DATASET RECORDS:
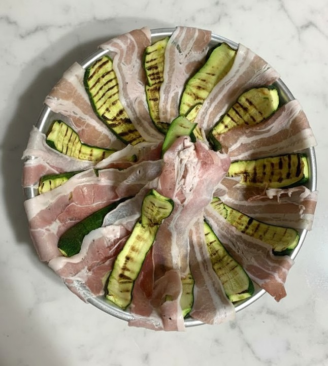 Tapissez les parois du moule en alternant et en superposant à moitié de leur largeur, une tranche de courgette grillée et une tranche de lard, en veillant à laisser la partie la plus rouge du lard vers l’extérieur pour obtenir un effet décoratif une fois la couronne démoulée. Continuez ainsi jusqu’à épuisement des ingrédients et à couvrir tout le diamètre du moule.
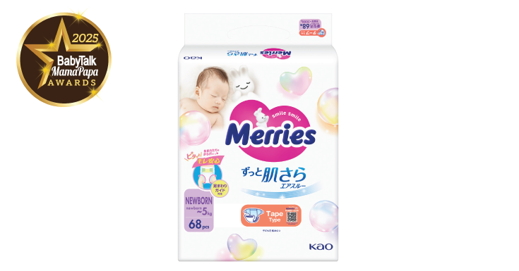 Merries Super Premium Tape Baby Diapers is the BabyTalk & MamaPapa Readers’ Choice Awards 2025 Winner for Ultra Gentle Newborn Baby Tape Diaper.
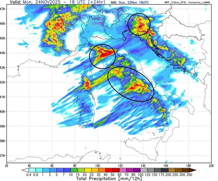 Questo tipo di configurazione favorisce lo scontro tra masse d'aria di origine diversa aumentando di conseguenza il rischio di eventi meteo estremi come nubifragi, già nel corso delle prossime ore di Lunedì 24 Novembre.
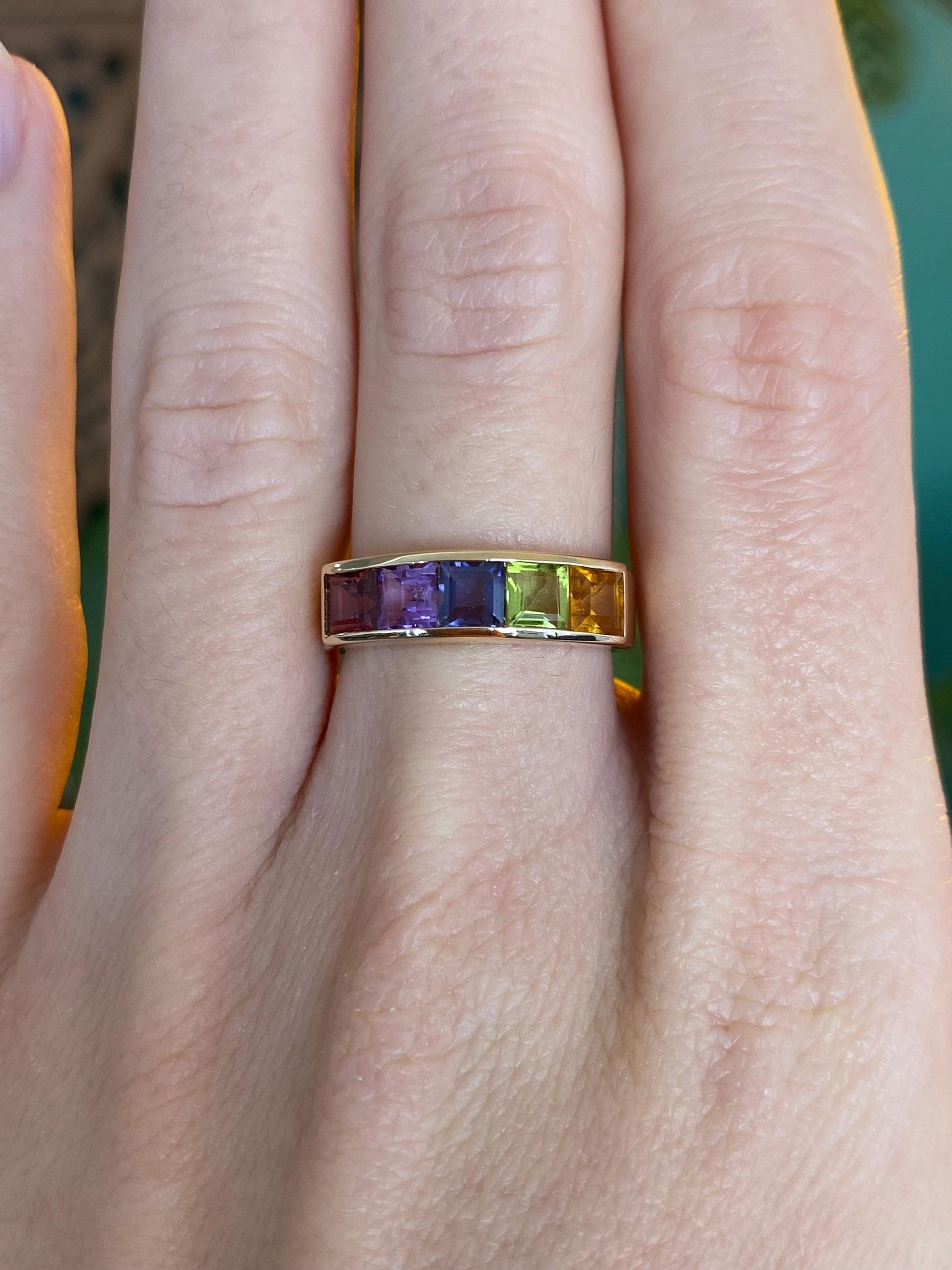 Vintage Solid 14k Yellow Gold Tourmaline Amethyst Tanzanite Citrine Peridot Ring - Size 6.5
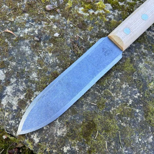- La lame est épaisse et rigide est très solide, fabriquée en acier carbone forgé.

WHAT NEEDS TO BE DONE: Retype the data above in full, exactly as it stands, and skip any image.

RESULT FOR THIS EXERCISE:
 Tapissez les parois du moule en alternant et en superposant à moitié de leur largeur, une tranche de courgette grillée et une tranche de lard, en veillant à laisser la partie la plus rouge du lard vers l’extérieur pour obtenir un effet décoratif une fois la couronne démoulée. Continuez ainsi jusqu’à épuisement des ingrédients et à couvrir tout le diamètre du moule.
 Merries Super Premium Tape Baby Diapers is the BabyTalk & MamaPapa Readers’ Choice Awards 2025 Winner for Ultra Gentle Newborn Baby Tape Diaper.
 Questo tipo di configurazione favorisce lo scontro tra masse d'aria di origine diversa aumentando di conseguenza il rischio di eventi meteo estremi come nubifragi, già nel corso delle prossime ore di Lunedì 24 Novembre.
 Vintage Solid 14k Yellow Gold Tourmaline Amethyst Tanzanite Citrine Peridot Ring - Size 6.5
- La lame est épaisse et rigide est très solide, fabriquée en acier carbone forgé.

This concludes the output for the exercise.